**Exercise**
In your copy of the listing below, reproduce each word exactly and include no pictures.

**The data**
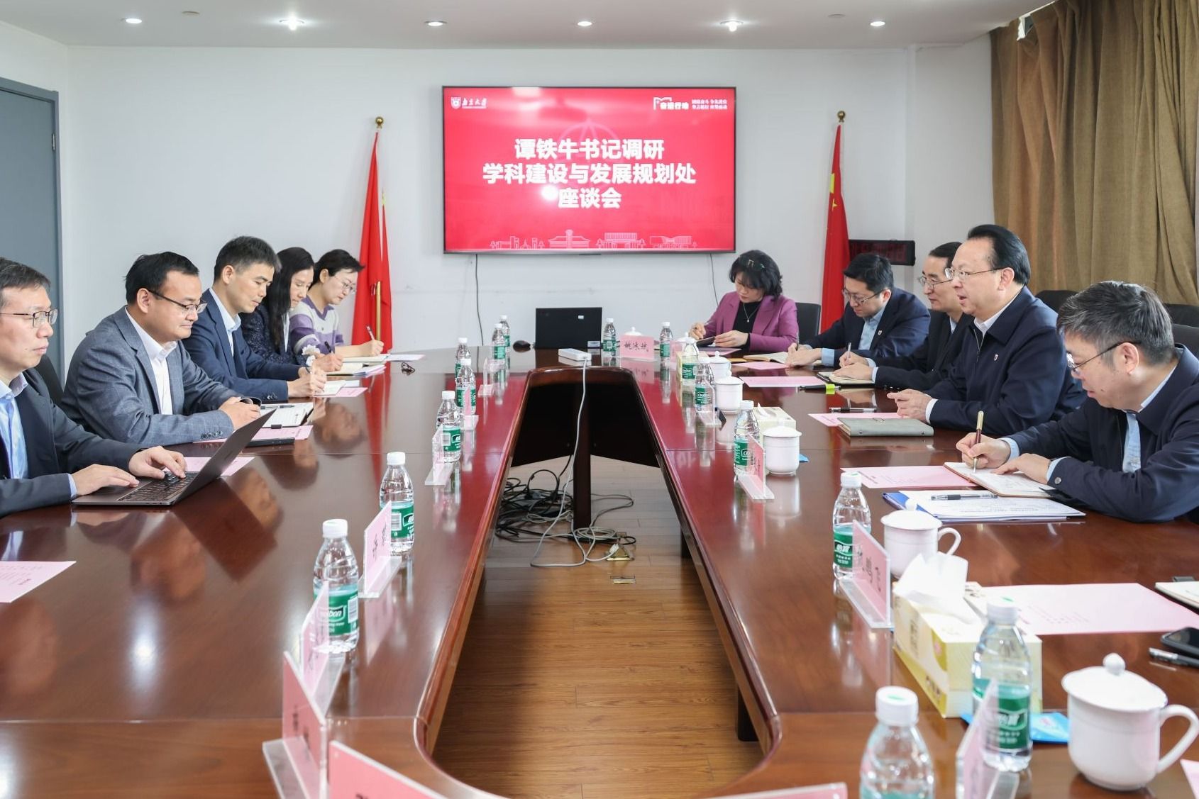 谭铁牛听取了学发处工作汇报并予以充分肯定,评价该部门“人不多,事不少,任务繁重,责任重大。”他指出,学发处的同志们在部门领导带领下,认真落实学校党委关于学科工作的部署,在苏州校区建设等任务中履职尽责,展现出新气象,发挥了新作用。
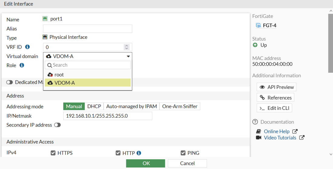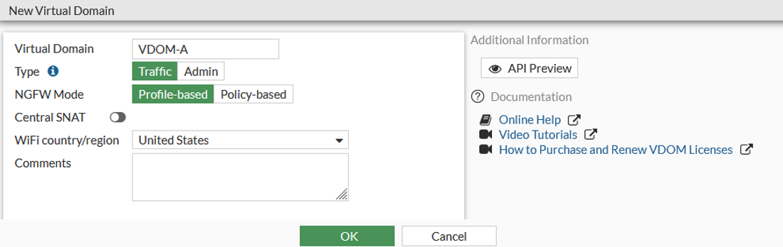 4. Click OK to create the VDOM.
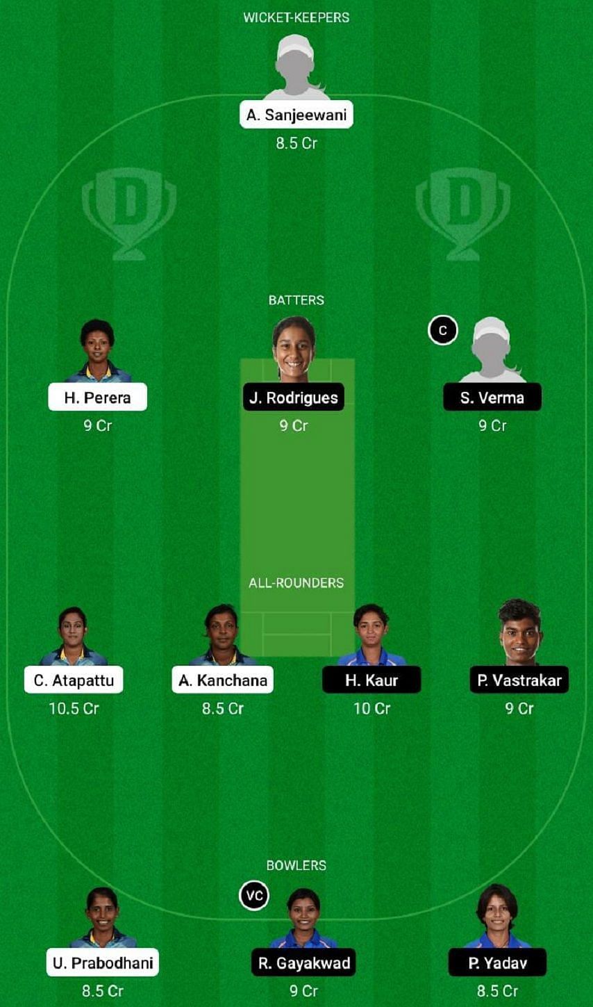 Fantasy Suggestion #2: A Sanjeewani, H Perera, J Rodrigues, S Verma, C Athapaththu, H Kaur, P Vastrakar, U Prabodhani, R Gayakwad, P Yadav and A Kanchana.

**Solution for this task**
 谭铁牛听取了学发处工作汇报并予以充分肯定,评价该部门“人不多,事不少,任务繁重,责任重大。”他指出,学发处的同志们在部门领导带领下,认真落实学校党委关于学科工作的部署,在苏州校区建设等任务中履职尽责,展现出新气象,发挥了新作用。
 4. Click OK to create the VDOM.
 Fantasy Suggestion #2: A Sanjeewani, H Perera, J Rodrigues, S Verma, C Athapaththu, H Kaur, P Vastrakar, U Prabodhani, R Gayakwad, P Yadav and A Kanchana.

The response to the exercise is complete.